クチ・トンネルに行く時、迎えに来た車は何とベンツだった。超一流のグレードではなく、スタンダードクラスだと思
うが、ベンツはベンツ。こんな車でベトコンが暗躍したジャングル地帯もビンビンと走破する。その帰りにガイドが水
上劇の鑑賞を勧めてくれた。
ベトナムに行くと決めてからホーチミン周辺の興味ある場所や観光について調べた時に水上劇もあった。その時、
あまり興味を引くことはなかったから候補としては没にしていた。
ガイドの説明だと言葉が分からなくても十分楽しむことは出来るし、観て帰らないと損をするとまで熱のこもった勧
誘をする。今日、一日共に行動して誠実な人柄だったから嘘を言うことなかろうと、信用して水上劇に行くことにし
た。調べて貰うと帰国の日の夜しか切符は取れないが、ホテルの集合時刻に間に合うということで、詳細を聞くと夕
方に食事と組み合わせるコースが便利というから、それを申し込んだ。
食事はベトナム料理で特別変わったものではなかったが、アオザイを着た美しいお嬢さんが給仕をしてくれた。

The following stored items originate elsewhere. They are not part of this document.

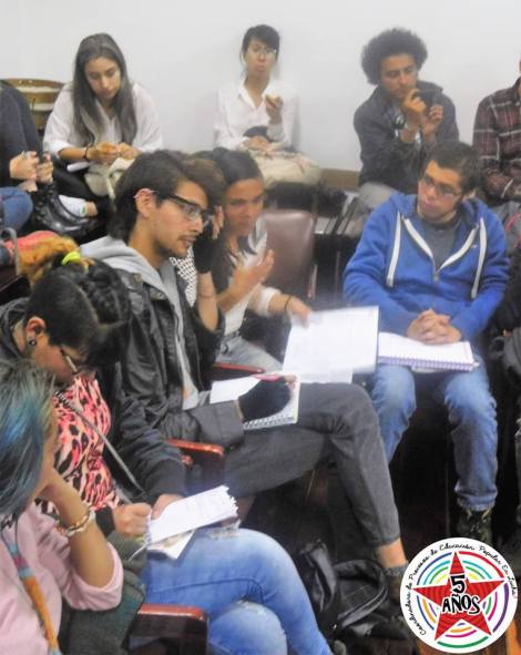 Después de la intervención de la compañera, la persona que estaba moderando presenta el segundo momento de la sesión. La idea es que a partir del trabajo por grupos, se analice, utilizando una matriz, algunos programas que se construyeron en dos experiencias de educación popular que hacen Pre Icfes y Pre Universitarios Populares. Así, se conforman seis grupos que trabajan, durante 40 minutos, en analizar un programa identificando objetivos, contenidos y competencias, estrategias metodológicas y textos y material de apoyo; a la par, cada grupo, tenía que responder a las siguientes preguntas: ¿Qué concepción del lenguaje, las ciencias sociales, la física o las matemáticas pueden identificarse en el programa?, ¿esa concepción es coherente con la noción de Educación Popular?, ¿que cambiarían del programa?
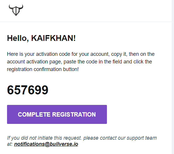 * Check your email for a verification message from BullVerse. Click the link provided to activate your account OR enter the Activation code for Complete Registration.
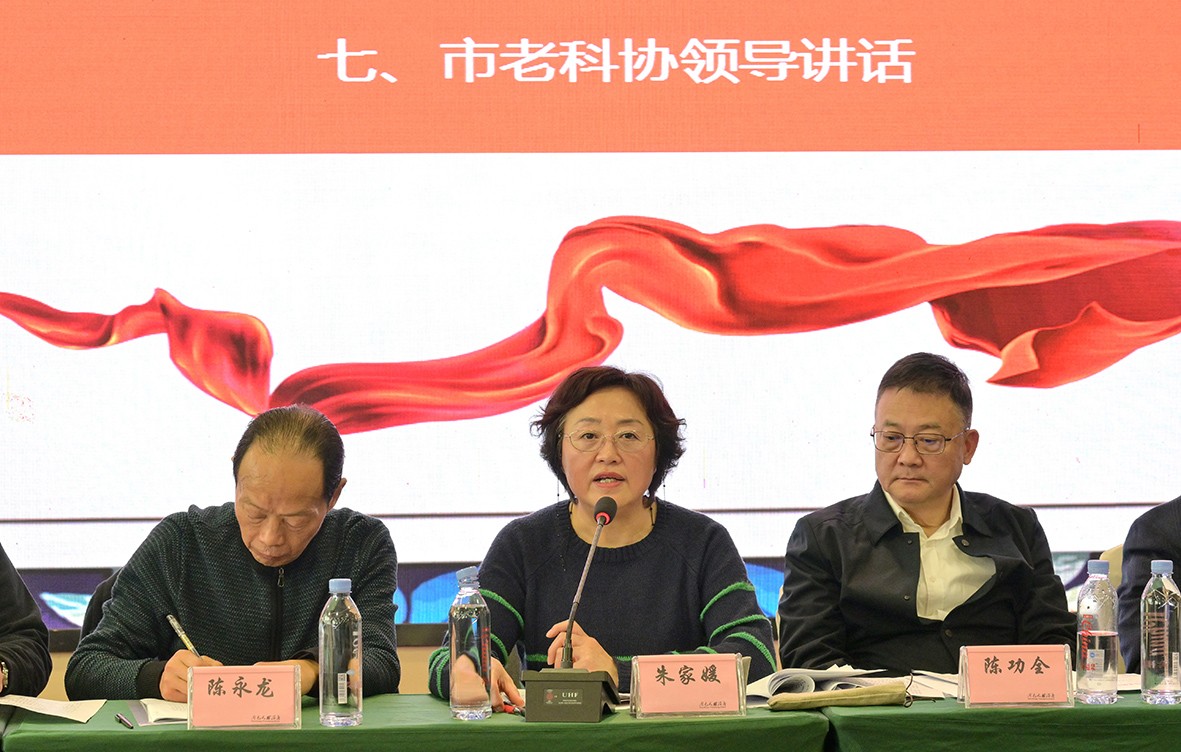 南充市老科协会长朱家媛热情讲话,她说:我是上任不到一个月的新兵,要向在座老会员、老科技工作者学习,紧紧依靠9个分会,在发扬上一届优良传统的基础上,进一步做好老科协工作。南充是教育大市,老科协教育分会的地位作用十分重要。近几年分会认真学习贯彻习总书记对老科协工作重要指示精神,围绕市委市政府工作中心和教育发展需要,充分履行四项基本职能。科技服务有深度。每年送优质教育下乡,解决基层教育教学中的问题和困难,深受欢迎;咨政服务有高度。调研建言得到市委市政府主要领导的肯定性批示;展示夕阳风采有力度。老科技工作者受聘担任电影学院党委书记,辅导年青教师、关爱儿童成长等工作成效明显;基础建设有温度,在分会下建立了基础教育、成人教育、职业教育、办公室等机构,各施其职见实效。
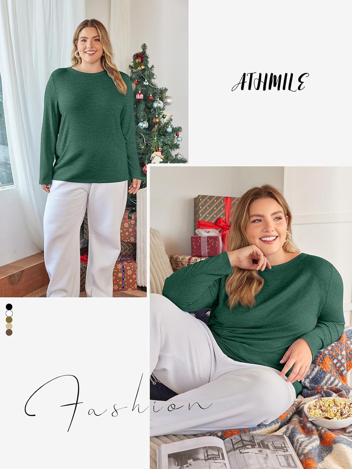 ATHMILE Womens Long Sleeve Shirts Basic Tee Fall Trendy Spring Top Business Casual Beach Vacation Workout 2025 Fashion(Fruit Green)
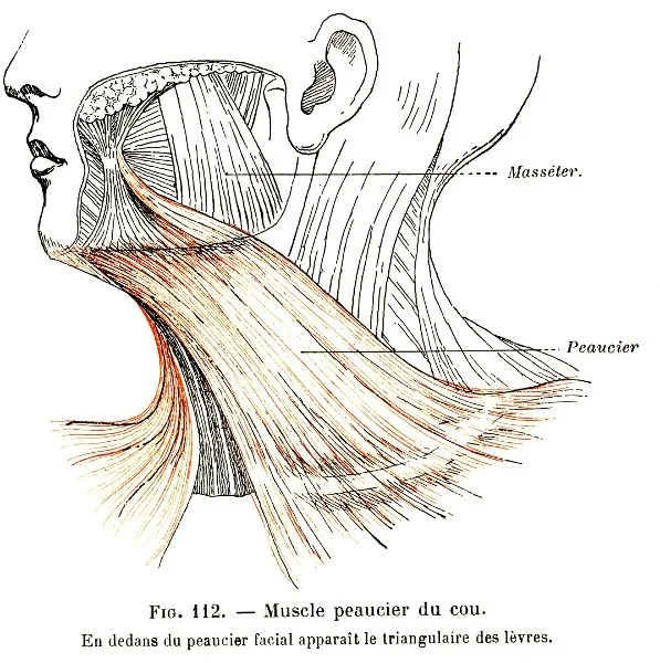 Stretching: The platysma is a great flat muscle that extends from your chin, over your neck and down to your clavicles. This is the muscle that pops out when you extend your lower jaw with exaggeration.
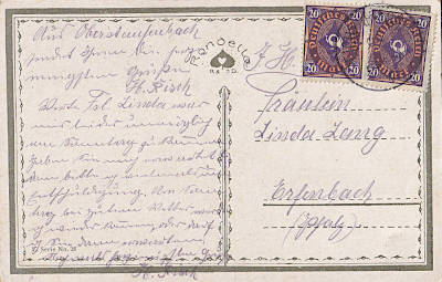 Inlandspostkarte vom 23.06.1923 (13. Periode) frankiert mit 2 Marken a 20 Mark (=40 Mark) |
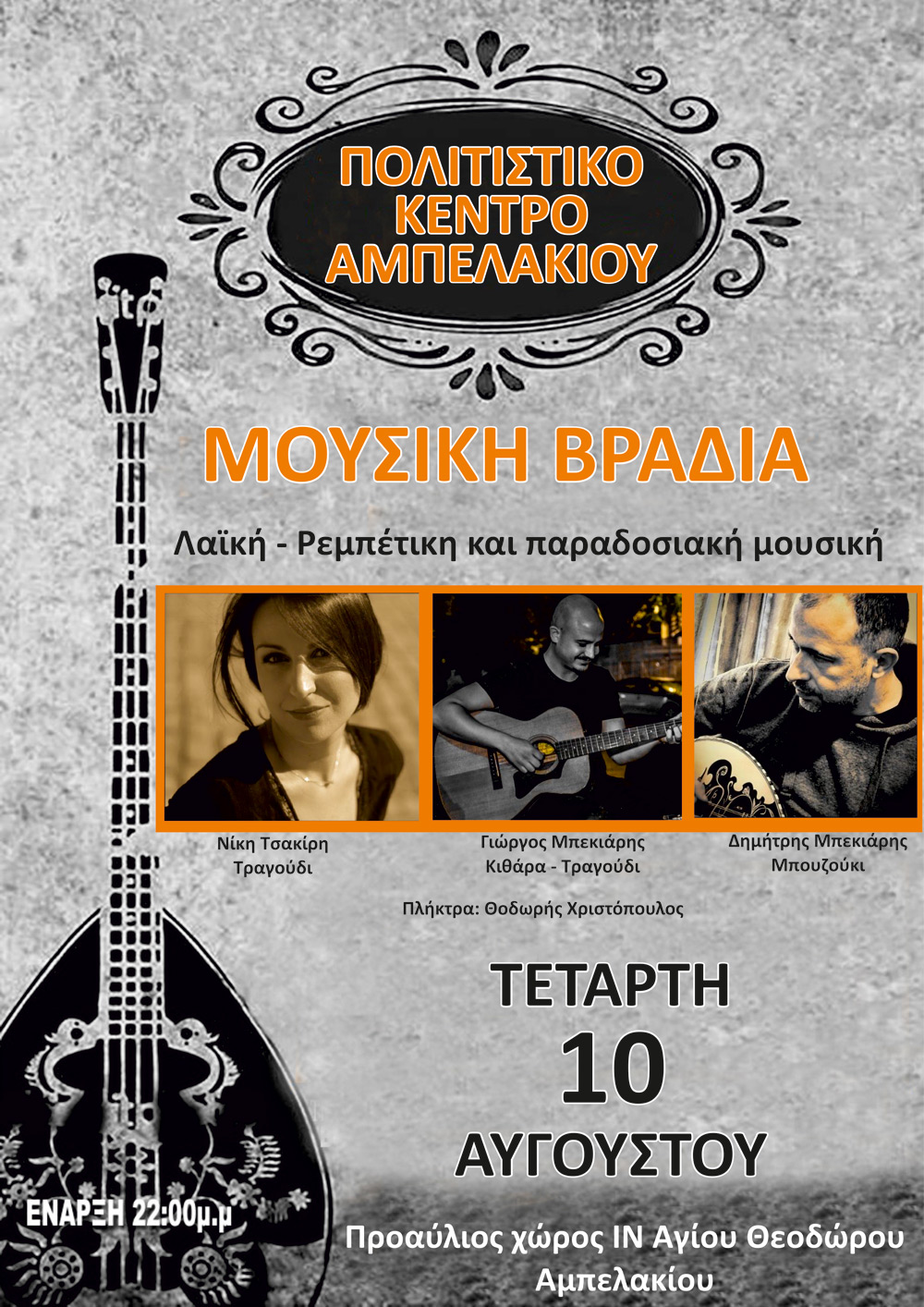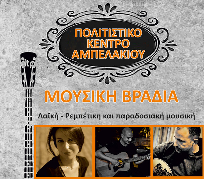 Την πρώτη πολιτιστική μουσική εκδήλωση από την σύσταση του, πραγματοποιεί το Πολιτιστικό Κέντρο Αμπελακίου σήμερα Τετάρτη 10 Αυγούστου 2022 στο προαύλιο του Ιερού Ναού Αγίου Θεοδώρου. Η προσέλευση αναμένεται να είναι μεγάλη καθώς έχουν περάσει 25 χρόνια από την τελευταία εκδήλωση του τότε Πολιτιστικού Συλλόγου, επίσης η επιθυμία των χωριανών που αγκάλιασε την πρωτοβουλία ανασύστασης με ιδιαίτερη ζέση, είναι πρόδηλα ενθουσιώδης για την αποψινή βραδιά.
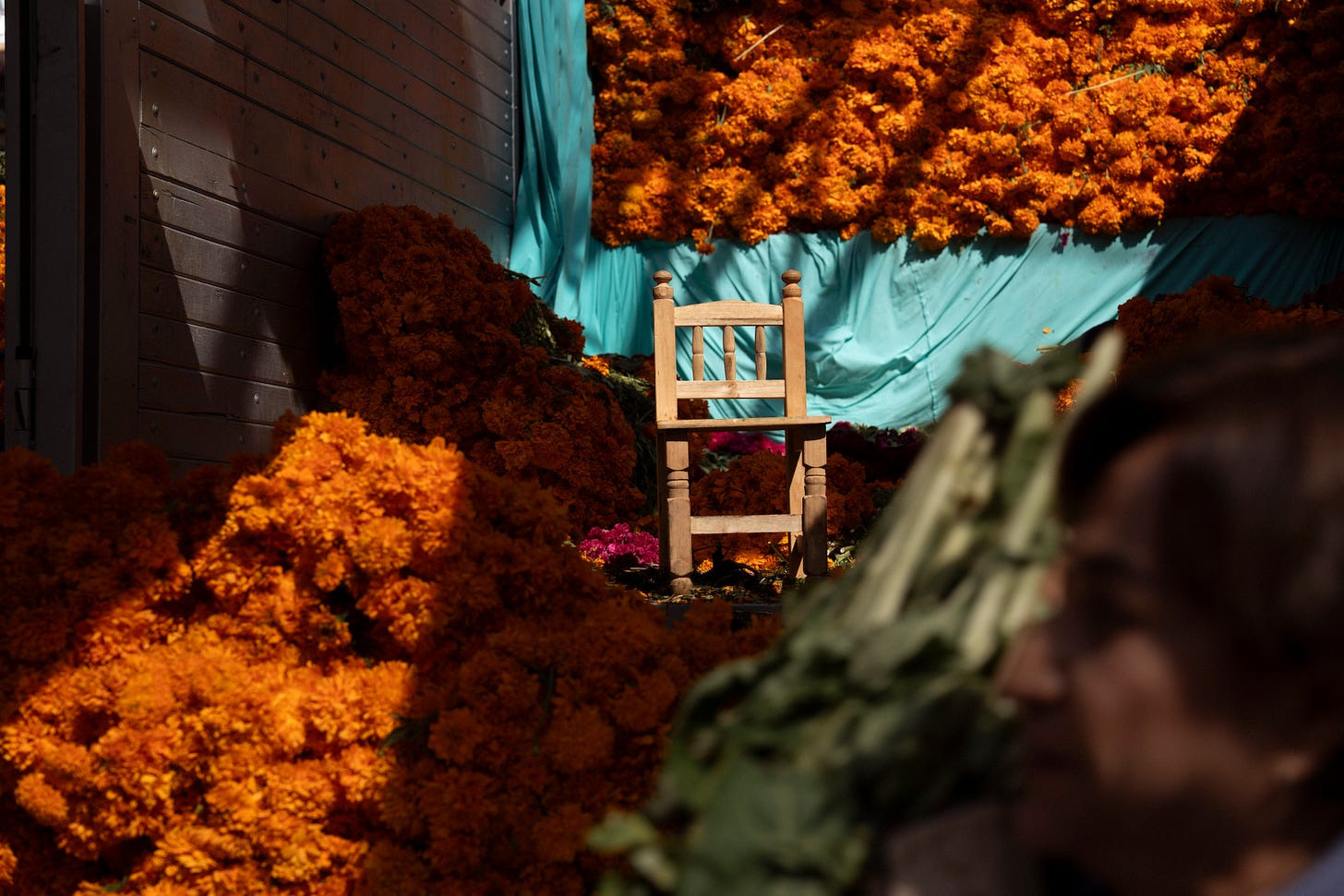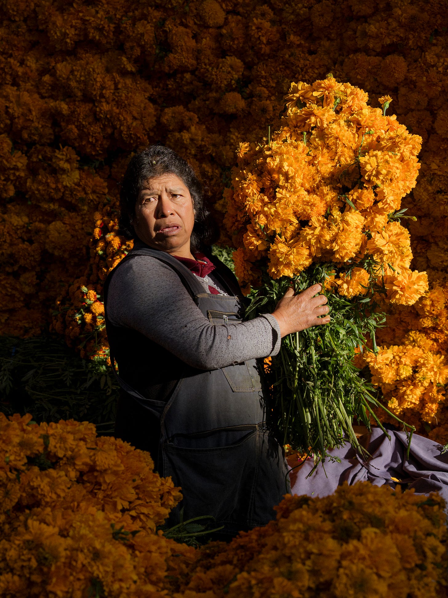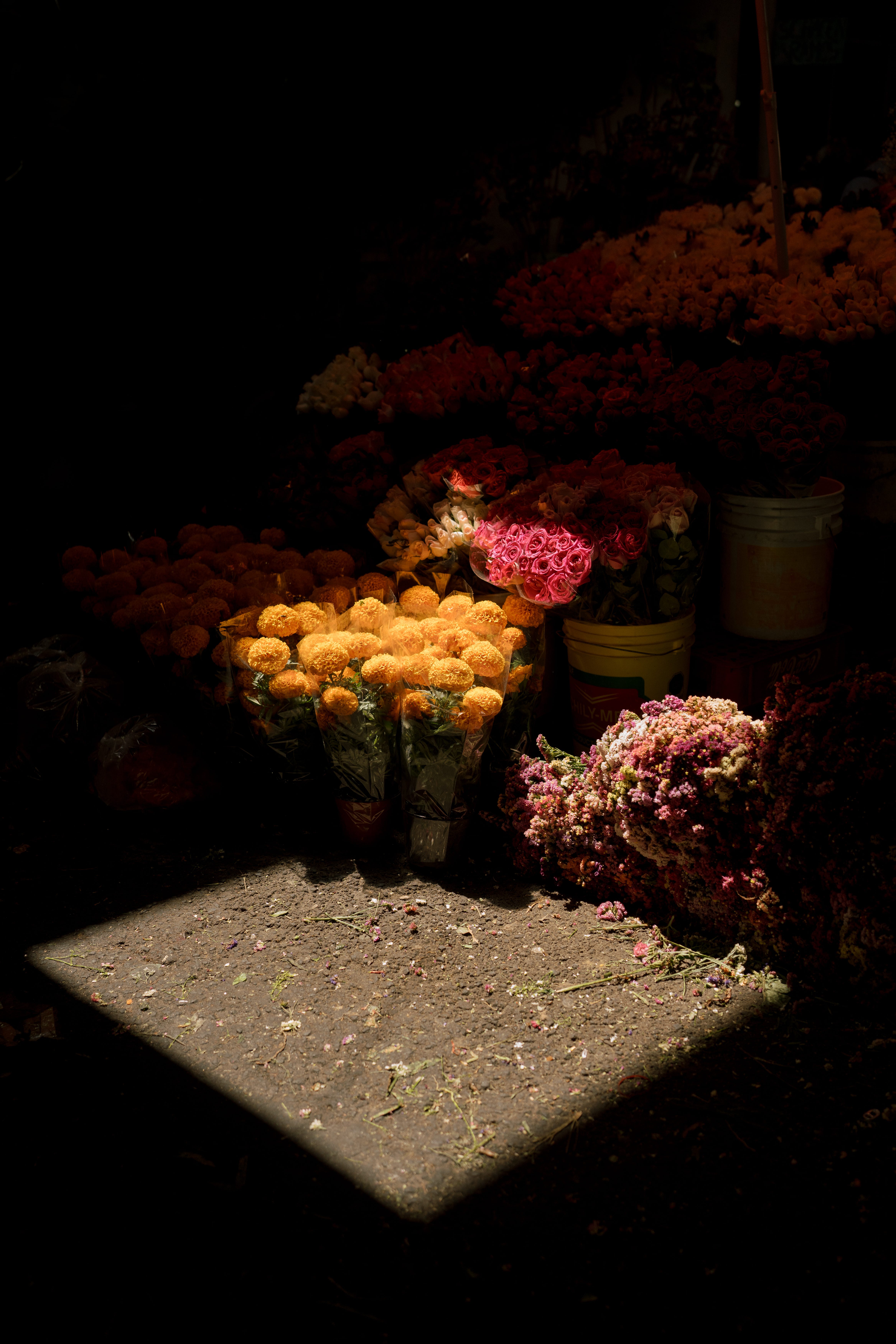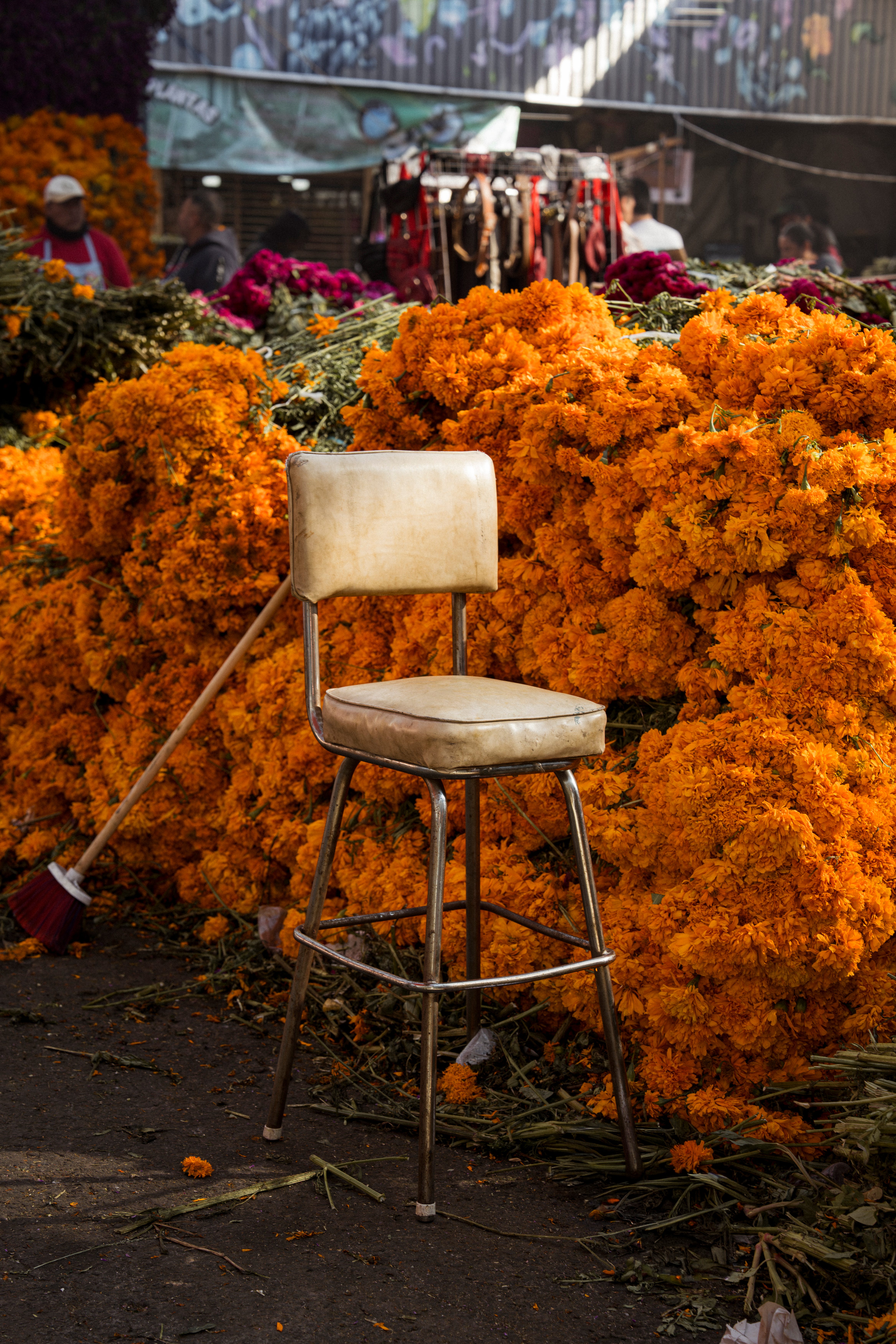 Y es octubre el mes que más activa estas cavilaciones: algo en mí despierta y se revuelve en melancolía. Encuentro, caminando por Madrid, el naranja en los árboles que pronto mudarán de hojas y el olor fresco de una noche otoñal, presagiando otro invierno, pero no basta: necesito esa exuberancia e intensidad de sensaciones de un octubre mexicano. En mi ciudad, esta exuberancia es posible gracias a la labor de agricultores, transportistas y vendedores, que mueven un flujo extraordinario de flores de cempasúchil cada año en los días antes del 2 de noviembre. El mercado de Jamaica es el centro neurálgico de esta movilización, y el corazón del día de muertos en la CDMX. La forma como Diego Orvañanos captura este frenesí, y el trabajo de los que hacen esto posible, es increíble. Sin más dejaremos que lo cuente Diego.
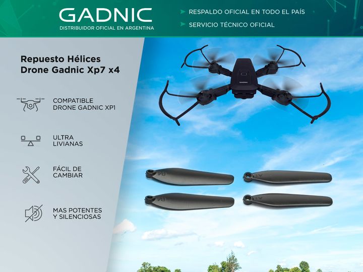 ¡Combo repuestos originales Gadnic, 4 hélices ultra silenciosas! El set incluye dos pares de hélices especialmente diseñadas para tu Drone Gadnic Xp7 Suma potencia y minimiza los ruidos de tu drone con el combo de hélices ultra livianas. Especificaciones Peso: 0.5gr Compatible: Drone Gadnic Xp7 Dime...
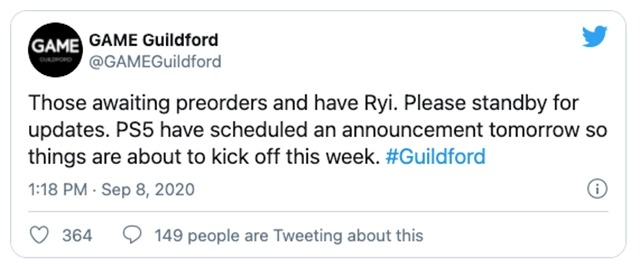 Le revendeur l’a mentionné dans un tweet s’adressant aux personnes qui ont posé des questions sur les précommandes de la PS5. « Ceux qui attendent des précommandes et qui ont Ryi. Veuillez patienter pour les mises à jour. PS5 a prévu une annonce demain, donc les choses vont commencer cette semaine », peut-on lire dans le tweet qui a depuis été retiré.
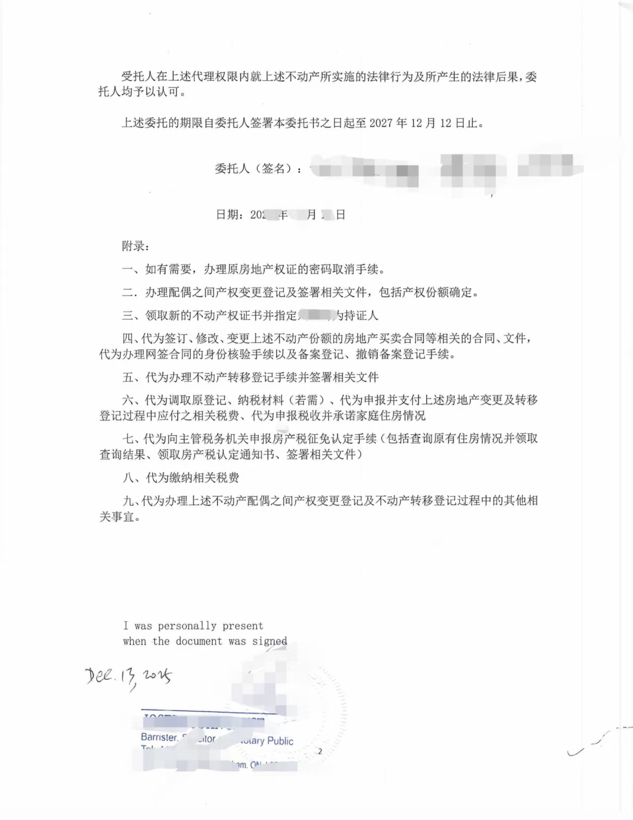 加拿大旅居华人委托国内亲友办理上海浦东房产产权划分与转让|委托书海牙认证案例
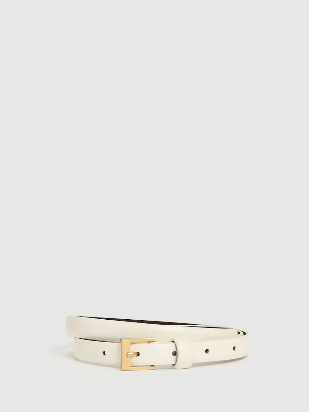Smooth off-white leather is cut into a thin construction with a gold-tone buckle for the Holly belt. Leather Thin construction Gold-tone buckle Width 1.5cm 100% Leather.

アオザイはベトナムの民族衣装ではあるが街中で着ている女性を見ることはなく、レストランや観光施設など限ら
れた所でしか会えない。
水上劇は竹竿の先に結ばれている糸に人形をつなぎ、それを水上で操る人形劇。水面を滑らせたり、沈め気味
にして水しぶきを立たせたりして動きにアクセントをつけている。その動きは実に見事で、竹竿と人形が一体にな
っているようで、間に糸があるとは思えない。
物語の荒筋は貰ったパンフレットに日本語でも簡単に説明されていたが、それを読まなくても何となく筋は分か
りそうだった。時には、わざと激しい動きをして前にいる観客に向けて水しぶきを飛ばし、観客が出す声に呼応し
て、また大げさに動き観客の笑いをとる。約2時間の水上劇は本当に面白くガイドのいう事を聞いてよかった。
劇が終わりスタッフが登場、ここでも若い人たちばかりで伝統芸を継承しているようだ。ホテルに帰り荷物を受け取
り迎えに来たガイドと共にメコン川に別れを告げた。